Once you drag yourself away from the CAF facilities, consider taking time to explore the rest of what the area offers. Quality Taxi serves the airfield and surrounding areas. Local motels and restaurants are a short distance down the highway, but I suggest Canyon of the Eagles Lodge for a great Hill Country experience. The lodge sits on a bluff overlooking Lake Buchanan. Rustic cabins dot the area, widely spaced around a beautifully landscaped pool and central recreation room. The lodge's restaurant features gourmet fare in a tin-topped stone building with a view of the lake. Herb and vegetable gardens planted around the property provide fresh touches to the chef's specials.

The cabins are cozy retreats with a definite rough western accent. Rooms have a bath, telephone, and air conditioning, but no television. Electronic amenities are replaced by inviting covered porches with scenic Hill Country views. Whitetail deer, armadillos, turkeys, rabbits, and coyotes might make appearances at dusk. What better setting to enjoy a book and a good cigar as evening settles across the water?

Canyon of the Eagles is operated in partnership with the Texas Parks and Wildlife Department. Conservation and respect for the local environment figured heavily into the resort's design. Exterior lighting, for example, is minimal to maintain the "dark sky" quality of the site (cabin keys come on rings with small flashlights to help navigate the pathways after dark). This arrangement couples nicely with the Canyon's telescopic observing stations and nightly star-gazing sessions. Hiking trails also abound, so visitors are seldom at a loss for something to do.

This resort is also known for its Vanishing Texas River Cruise, which features two-hour trips up the Colorado River. The trips are popular with birders, as the upper reaches of the river are winter homes to bald- and golden eagles. Spacious cruise boats wind up the gentle curves of the river to provide unique views of the wild adjacent ranch lands.
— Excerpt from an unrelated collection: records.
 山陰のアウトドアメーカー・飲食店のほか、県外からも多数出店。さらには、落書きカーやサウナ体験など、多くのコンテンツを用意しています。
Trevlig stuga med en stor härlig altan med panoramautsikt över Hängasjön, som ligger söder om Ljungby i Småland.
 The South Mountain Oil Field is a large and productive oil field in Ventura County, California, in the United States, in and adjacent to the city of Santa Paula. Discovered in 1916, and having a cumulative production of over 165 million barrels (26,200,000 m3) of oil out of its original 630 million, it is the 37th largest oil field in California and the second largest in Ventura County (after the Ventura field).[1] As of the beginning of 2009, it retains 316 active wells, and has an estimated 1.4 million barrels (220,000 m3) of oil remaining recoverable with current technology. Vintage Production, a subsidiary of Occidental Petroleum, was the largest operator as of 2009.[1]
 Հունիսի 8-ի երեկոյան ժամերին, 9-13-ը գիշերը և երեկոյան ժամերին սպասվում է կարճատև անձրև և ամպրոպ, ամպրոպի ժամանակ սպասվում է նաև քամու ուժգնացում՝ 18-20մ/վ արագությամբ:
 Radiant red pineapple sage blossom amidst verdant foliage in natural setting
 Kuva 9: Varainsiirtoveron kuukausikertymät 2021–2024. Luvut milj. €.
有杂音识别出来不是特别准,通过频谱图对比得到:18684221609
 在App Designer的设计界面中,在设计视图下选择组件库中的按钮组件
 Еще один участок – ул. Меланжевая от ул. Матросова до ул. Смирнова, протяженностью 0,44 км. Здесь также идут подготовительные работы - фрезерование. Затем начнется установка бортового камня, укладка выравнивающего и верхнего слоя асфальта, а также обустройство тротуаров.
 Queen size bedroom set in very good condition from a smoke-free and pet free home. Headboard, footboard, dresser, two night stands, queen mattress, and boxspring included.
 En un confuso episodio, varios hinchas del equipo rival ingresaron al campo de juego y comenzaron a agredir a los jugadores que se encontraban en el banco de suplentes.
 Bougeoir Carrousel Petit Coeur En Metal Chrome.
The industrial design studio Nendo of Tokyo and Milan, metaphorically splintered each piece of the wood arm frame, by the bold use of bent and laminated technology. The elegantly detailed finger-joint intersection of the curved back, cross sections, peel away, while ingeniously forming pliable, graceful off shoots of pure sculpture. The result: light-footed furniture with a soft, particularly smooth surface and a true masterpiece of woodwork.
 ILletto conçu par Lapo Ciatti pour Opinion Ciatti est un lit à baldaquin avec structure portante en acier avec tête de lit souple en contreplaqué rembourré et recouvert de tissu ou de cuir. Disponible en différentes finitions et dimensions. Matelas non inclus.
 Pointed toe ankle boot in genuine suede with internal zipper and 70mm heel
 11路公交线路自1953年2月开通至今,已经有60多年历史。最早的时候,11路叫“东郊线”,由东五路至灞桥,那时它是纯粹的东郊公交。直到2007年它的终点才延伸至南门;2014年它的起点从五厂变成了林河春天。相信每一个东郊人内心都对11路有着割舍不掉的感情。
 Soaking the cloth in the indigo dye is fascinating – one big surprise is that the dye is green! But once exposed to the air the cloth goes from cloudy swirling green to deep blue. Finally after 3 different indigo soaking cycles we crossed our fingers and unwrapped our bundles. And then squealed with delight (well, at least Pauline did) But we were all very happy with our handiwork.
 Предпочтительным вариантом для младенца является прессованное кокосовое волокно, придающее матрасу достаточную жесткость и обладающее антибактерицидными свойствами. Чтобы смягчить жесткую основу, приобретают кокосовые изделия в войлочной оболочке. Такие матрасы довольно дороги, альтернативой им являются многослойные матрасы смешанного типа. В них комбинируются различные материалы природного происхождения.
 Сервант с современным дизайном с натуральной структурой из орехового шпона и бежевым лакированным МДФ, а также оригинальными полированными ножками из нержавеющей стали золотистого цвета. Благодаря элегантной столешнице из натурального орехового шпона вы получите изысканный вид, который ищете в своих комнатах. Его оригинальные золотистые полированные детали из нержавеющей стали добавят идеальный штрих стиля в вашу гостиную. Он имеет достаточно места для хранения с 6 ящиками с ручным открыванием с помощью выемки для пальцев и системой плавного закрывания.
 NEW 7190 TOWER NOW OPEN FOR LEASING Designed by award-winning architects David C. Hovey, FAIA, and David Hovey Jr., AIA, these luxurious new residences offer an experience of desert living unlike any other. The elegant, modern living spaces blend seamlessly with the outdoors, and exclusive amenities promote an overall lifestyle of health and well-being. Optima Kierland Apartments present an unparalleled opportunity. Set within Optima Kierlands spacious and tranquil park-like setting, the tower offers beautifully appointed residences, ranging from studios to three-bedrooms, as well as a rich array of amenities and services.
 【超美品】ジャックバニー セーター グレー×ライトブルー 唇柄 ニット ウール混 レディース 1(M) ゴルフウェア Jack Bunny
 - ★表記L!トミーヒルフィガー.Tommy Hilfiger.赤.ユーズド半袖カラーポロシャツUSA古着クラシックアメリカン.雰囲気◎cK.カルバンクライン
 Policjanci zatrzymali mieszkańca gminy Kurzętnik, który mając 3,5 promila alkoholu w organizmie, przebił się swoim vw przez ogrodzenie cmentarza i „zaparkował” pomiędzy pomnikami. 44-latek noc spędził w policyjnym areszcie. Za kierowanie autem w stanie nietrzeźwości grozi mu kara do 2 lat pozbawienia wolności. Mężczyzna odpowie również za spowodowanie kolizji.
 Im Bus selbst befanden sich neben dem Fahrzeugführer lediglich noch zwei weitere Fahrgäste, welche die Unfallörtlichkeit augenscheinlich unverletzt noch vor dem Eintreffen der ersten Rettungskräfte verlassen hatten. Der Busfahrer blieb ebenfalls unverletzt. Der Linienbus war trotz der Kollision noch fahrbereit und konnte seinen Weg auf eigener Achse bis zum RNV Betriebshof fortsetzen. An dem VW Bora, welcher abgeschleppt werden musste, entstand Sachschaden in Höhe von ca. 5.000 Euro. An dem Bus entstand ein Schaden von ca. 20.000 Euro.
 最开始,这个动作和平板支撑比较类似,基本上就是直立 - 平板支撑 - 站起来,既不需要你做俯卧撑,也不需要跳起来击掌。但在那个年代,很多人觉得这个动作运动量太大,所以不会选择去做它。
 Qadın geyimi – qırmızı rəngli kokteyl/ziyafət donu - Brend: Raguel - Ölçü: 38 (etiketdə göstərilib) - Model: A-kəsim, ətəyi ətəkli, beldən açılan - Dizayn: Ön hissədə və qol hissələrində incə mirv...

These private properties bordering the river feature steep limestone cliffs where rare aoudad sheep can be spotted clambering over seemingly impassible crevasses. Waterfalls and unexpected rock formations come into view with each bend of the river. This cruise itself is worth a flight to Burnet. Visit the Web site ( www.canyonoftheeagles.com) for more information.

Burnet Municipal Kate Craddock Field is at 1,283 feet msl and is about a mile southwest of the city. Pattern altitude is 2,288 msl; Runway 1 uses a right-hand pattern. Approaches include GPS, RNAV, NDB, and VOR/DME RNAV. Dial 122.25 for the San Angelo Flight Service Station. Unicom/CTAF for Burnet is 122.8. Weather information is available through the field's ASOS (automated surface observation system) on 119.925 or at 512/756-7277.

Be sure to check notams before flight, of course. Fort Hood, a sprawling Army training facility, is northeast of Burnet and has some associated military operations areas as well as restricted airspace over the base itself. Also, Texas aviators have become familiar with a new restricted area near Waco. The small town of Crawford is home to President Bush's ranch. These days it pays to stay current on notams and be aware of your location lest you find an F-16 off one wing with a scowling pilot at the stick.


Brad Potter, AOPA 1389876, of Aledo, Texas, is a writer and publisher and has been flying for more than four years.